We need to use databanks, but we know they may not be complete. We also know there may be accuracy issues. Many databanks need to be better curated than they are. Also, who is doing the annotations? Who is printing the information? How old is it? Sometimes we have the skill to recognize the errors, and sometimes not. In some cases, we heard the data were stove-piped, which can be a problem since the data are not connected with potentially related data, leading to a limited perspective. My group integrates a lot of different types of information, and so we tend to go across disciplines a lot. Getting past those barriers is critical. There were earlier examples in this symposium in which people are trying to break down these barriers. We encourage that, but wish there was more of it.

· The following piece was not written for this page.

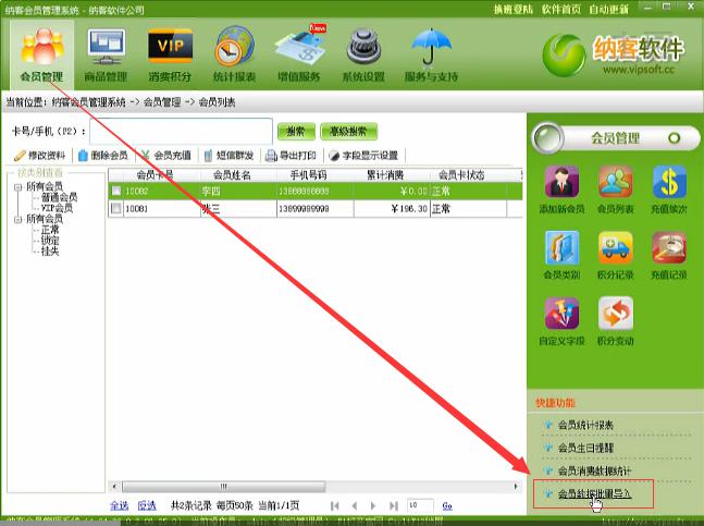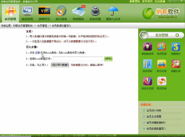 进入纳客商场伟德BV客户端软件(注:会员数量批量导入功能只有标准版才有,普及版无法批量到处),

How can we, the data users, benefit from the commons? Overall, having access to researchers and other data users is certainly going to help us. If we were able to have one-stop shopping—having portals that allow us to move back and forth among the range of data sources that we routinely use—that would be great.
We use many different digital information resources. Many of them are linked or are becoming linked, but sometimes the linkages are very awkward. It would help us tremendously if there were a way to navigate through the maze of data sources that are now out there, so that we could deal with them more easily than is possible now.
In what ways can we exert some influence on improving the situation? Can we do a better job, for instance, of getting our grey literature posted and accessible on the Web so that you can locate it? Can we find a way to limit the amount of data that is treated as confidential? We are trying to facilitate information sharing, as appropriate, so that our analyses can be made more transparent and so that the way in which we do our work can be better understood by others. Some of this is changing, but hopefully we can do more.